Given records ::
————————
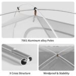 Easy Setup Tent for Camping: The tent is X cross structure with 7001 aluminum alloy tent poles, one can easily set up the tent in 5 minutes, and high quality aluminum alloy poles is tough, durable and more lightweight than the usual fiberglass poles.
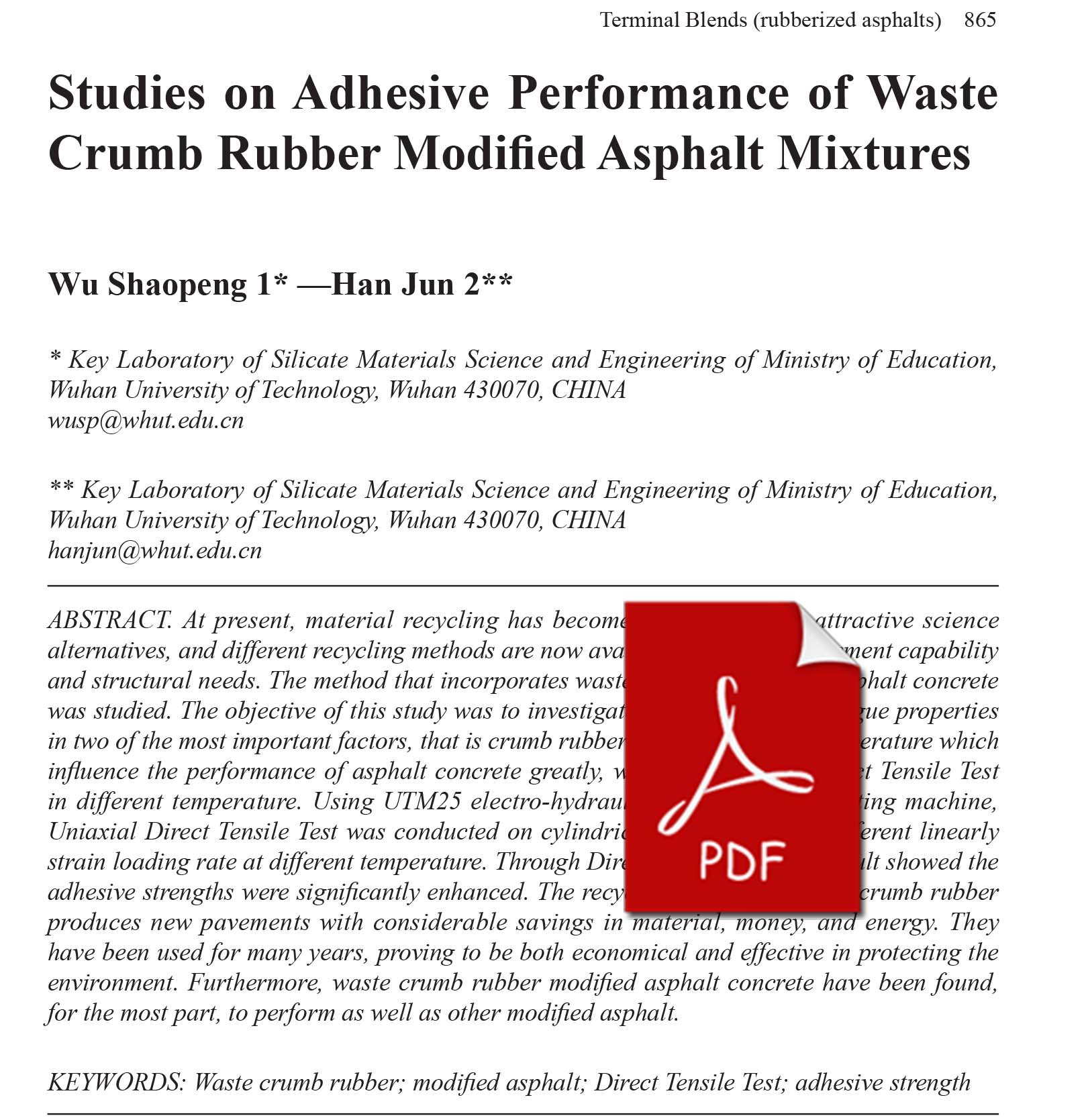 influence the performance of asphalt concrete greatly, were discussed by Direct Tensile Test in different temperature. Using UTM25 electro-hydraulic servo-universal testing machine, Uniaxial Direct Tensile Test was conducted on cylindrical specimens with different linearly strain loading rate at different temperature. Through Direct Tensile Test, the result showed the adhesive strengths were significantly enhanced. The recycling of existing waste crumb rubber produces new pavements with considerable savings in material, money, and energy. They
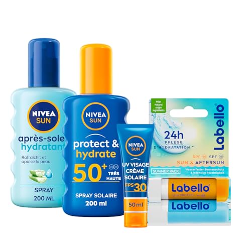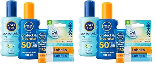 NIVEA SUN - Coffret Protection Solaire - Crème Solaire Visage FPS 30 (50 ml) + Spray Protect & Hydrate FPS 50+ (200 ml) + Spray Après Soleil (200 ml) + Duo Labello Sun & After Sun + Ballon De Plage
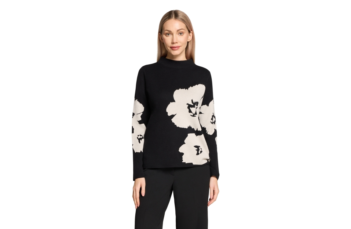 Betty Barclay Strickpullover Kurz 1/1 Arm 9911 Patch black/cream. Dit rechtvallende model is voorzien van een opstaande kraag en heeft lange mouwen. Deze zwarte pullover van Betty Barclay is bewerkt met sierlijke bloemen op de voorzijde en is afgewerkt met ribboorden.
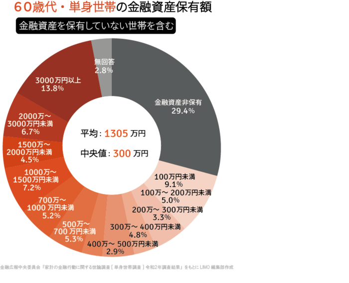 60代のおひとりさまの貯蓄額の平均は1305万円ですが、平均は一部の大きな数字に引っ張られるもの。より実態に近い中央値は300万円です。
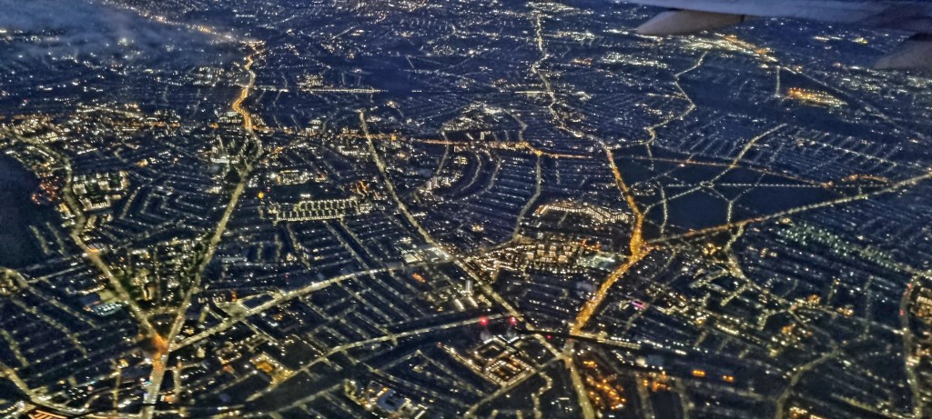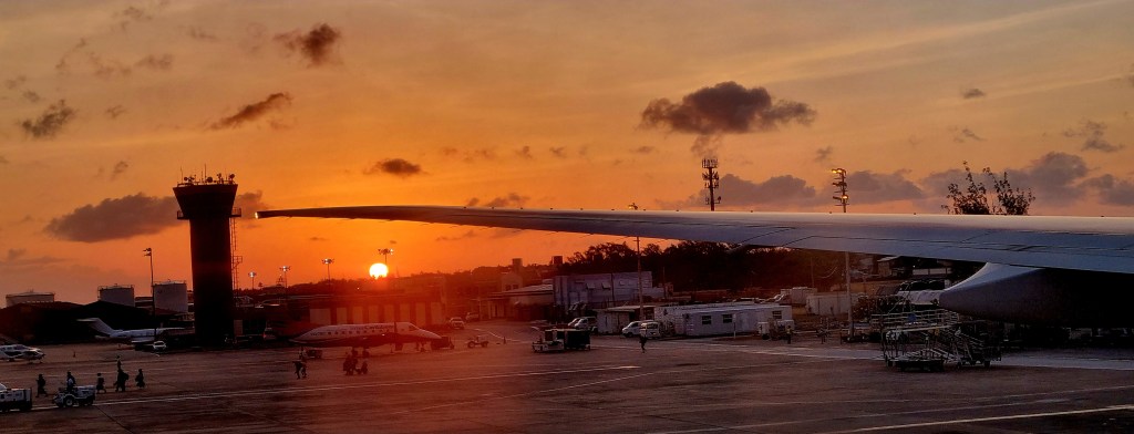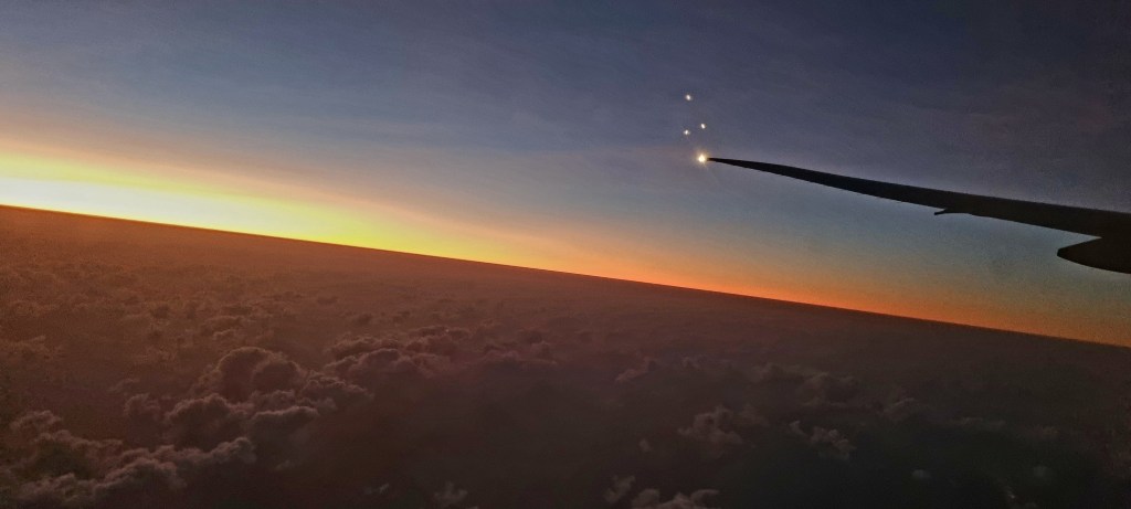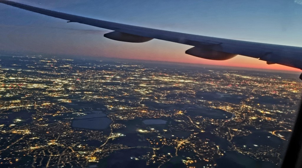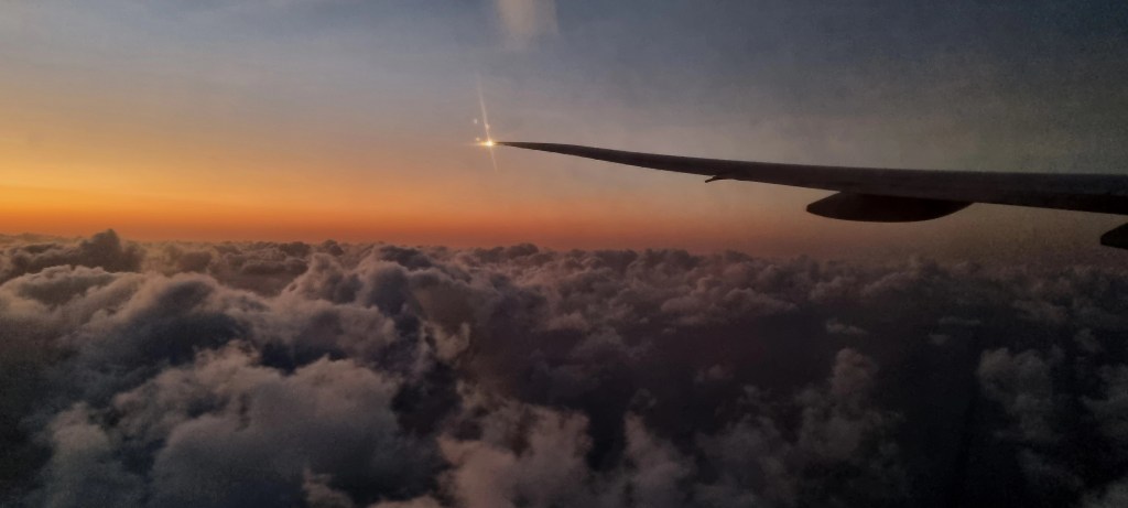 The flight was delayed by around 30 minutes, and we left just as the sun was setting.
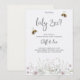 A baby gender reveal invitation card features delicate floral illustrations at the bottom with two bees buzzing above elegant script text. The back is a plain, light textured design. The tone is inviting and whimsical.
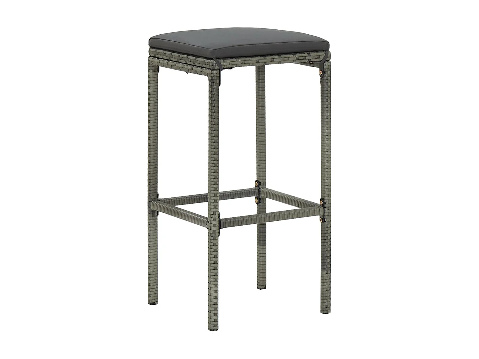 5-tlg. Gartenbar-Set mit Kissen Poly Rattan Grau
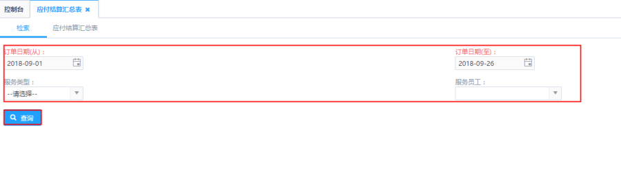 第一步:根据筛选条件进行查询,针对订单日期、服务类型、服务员工筛选条件根据实际需求进行选择。
————————
Please write out the whole listing exactly, but not the pictures in it.

 Easy Setup Tent for Camping: The tent is X cross structure with 7001 aluminum alloy tent poles, one can easily set up the tent in 5 minutes, and high quality aluminum alloy poles is tough, durable and more lightweight than the usual fiberglass poles.
 influence the performance of asphalt concrete greatly, were discussed by Direct Tensile Test in different temperature. Using UTM25 electro-hydraulic servo-universal testing machine, Uniaxial Direct Tensile Test was conducted on cylindrical specimens with different linearly strain loading rate at different temperature. Through Direct Tensile Test, the result showed the adhesive strengths were significantly enhanced. The recycling of existing waste crumb rubber produces new pavements with considerable savings in material, money, and energy. They
 NIVEA SUN - Coffret Protection Solaire - Crème Solaire Visage FPS 30 (50 ml) + Spray Protect & Hydrate FPS 50+ (200 ml) + Spray Après Soleil (200 ml) + Duo Labello Sun & After Sun + Ballon De Plage
 Betty Barclay Strickpullover Kurz 1/1 Arm 9911 Patch black/cream. Dit rechtvallende model is voorzien van een opstaande kraag en heeft lange mouwen. Deze zwarte pullover van Betty Barclay is bewerkt met sierlijke bloemen op de voorzijde en is afgewerkt met ribboorden.
 60代のおひとりさまの貯蓄額の平均は1305万円ですが、平均は一部の大きな数字に引っ張られるもの。より実態に近い中央値は300万円です。
 The flight was delayed by around 30 minutes, and we left just as the sun was setting.
 A baby gender reveal invitation card features delicate floral illustrations at the bottom with two bees buzzing above elegant script text. The back is a plain, light textured design. The tone is inviting and whimsical.
 5-tlg. Gartenbar-Set mit Kissen Poly Rattan Grau
 第一步:根据筛选条件进行查询,针对订单日期、服务类型、服务员工筛选条件根据实际需求进行选择。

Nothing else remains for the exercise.